A los 46 años, Chusovitina participó en sus octavos Juegos, en una historia rara en extremo tratándose de un deporte catalogado de juvenil, que exige huesos flexibles y voluntad de acero.
El momento del adiós resultó único en una instalación –Centro de Gimnasia de Ariake- que estuvo en silencio durante toda la jornada, incluso ante la presencia de la extraordinaria estadounidense Simone Biles.
Biles bailó, saltó, dio vueltas… y aunque los presentes observaban estupefactos, la sala siguió en calma, una tranquilidad absoluta que contrastó con el bullicio de periodistas, voluntarios y jueces después del último salto en el potro de la uzbeka.

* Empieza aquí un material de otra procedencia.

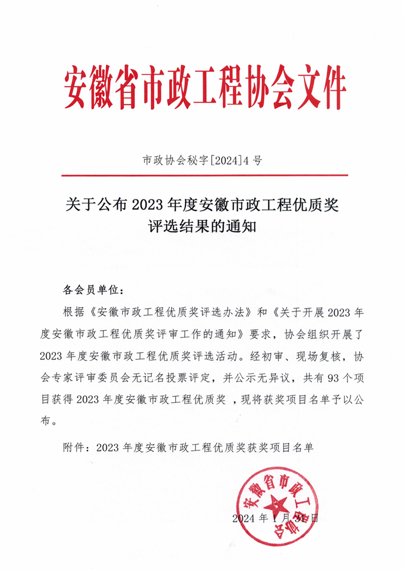 安徽省“市政工程優(yōu)質(zhì)獎” 是安徽省市政工程質(zhì)量的最高榮譽獎項,每年評選一次,評審標(biāo)準(zhǔn)執(zhí)行國家建設(shè)標(biāo)準(zhǔn)強制性條文和現(xiàn)行規(guī)范、標(biāo)準(zhǔn)及設(shè)計要求,并結(jié)合安徽省工程質(zhì)量標(biāo)準(zhǔn)和實際工程質(zhì)量水平,是市政工程技術(shù)及工藝水平先進性和可行性最好的體現(xiàn)。公司一直嚴格加強工程質(zhì)量管理,在項目施工過程中,建立質(zhì)量責(zé)任制、材料設(shè)備進場驗收制度、材料設(shè)備進場驗收制度、樣板引路、施工掛牌制度、質(zhì)量否決制度、成品保護制度、隱蔽工程驗收制度、質(zhì)量問題整改制度,對項目質(zhì)量實行全過程管控。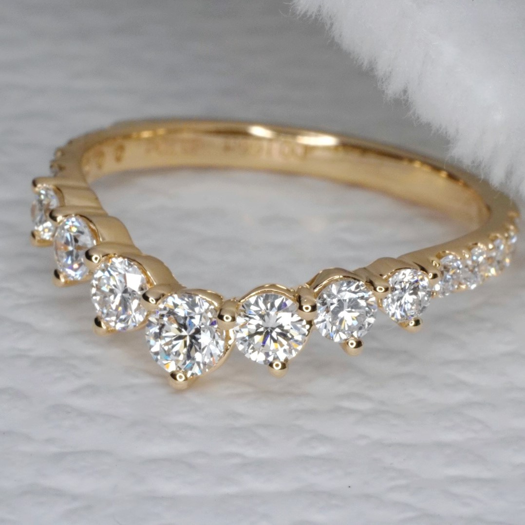The glimmer of several stones and a fun V-shape characterize this statement ring. It comes with a pavé of diamonds and may be set in yellow gold, white gold, or rose gold.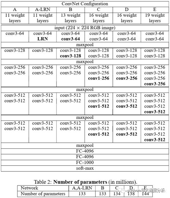 VGG模型分为4个深度,即:11、13、16、19 weight layers。其中,较为经典的是深度为16和19的VGG16、VGG19。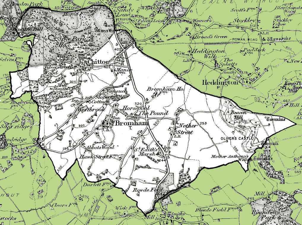 From the Ordnance Survey 1890s revision of the one inch to one mile map. The modern civil parish boundary has been superimposed.

La puntuación reflejada en la pantalla (14,166) dejó claro que el guion concluía, que no existiría otra oportunidad para exhibirse en Tokio, por lo que desde las gradas bajaron los aplausos entre las lágrimas de la campeona en el concurso por equipos de Barcelona 1992.
‘He llorado de alegría’, dijo en una zona mixta abarrotada a la espera de sus palabras, y las preguntas recorrieron una carrera que empezó como miembro del equipo unificado de las exrepúblicas soviéticas.
Visiblemente emocionada, Chusovitina habló del apoyo de sus familiares, entre ellos su hijo Alisher, de 21 años, una edad superior a la de la mayoría de las gimnastas presentes en Tokio 2020.
Solo imagine que cuando debutó en la lid olímpica de la ciudad condal, faltaba un lustro para el nacimiento de Biles, tal vez la figura más mediática y seguida en estos Juegos de la capital nipona.
Así, con el número ocho en el maillot, su recorrido olímpico concluyó, después de, además, representar a Alemania en Beijing 2008 y Londres 2012, aunque volvió a competir por su país en Río de Janeiro 2016 y ahora en Tokio.
Antes de abandonar el espacio, Chusovitina explicó que la nueva meta es abrir una academia de gimnasia en la ciudad de Taskent para darle mayor vida a un deporte que ‘considero mi vida’.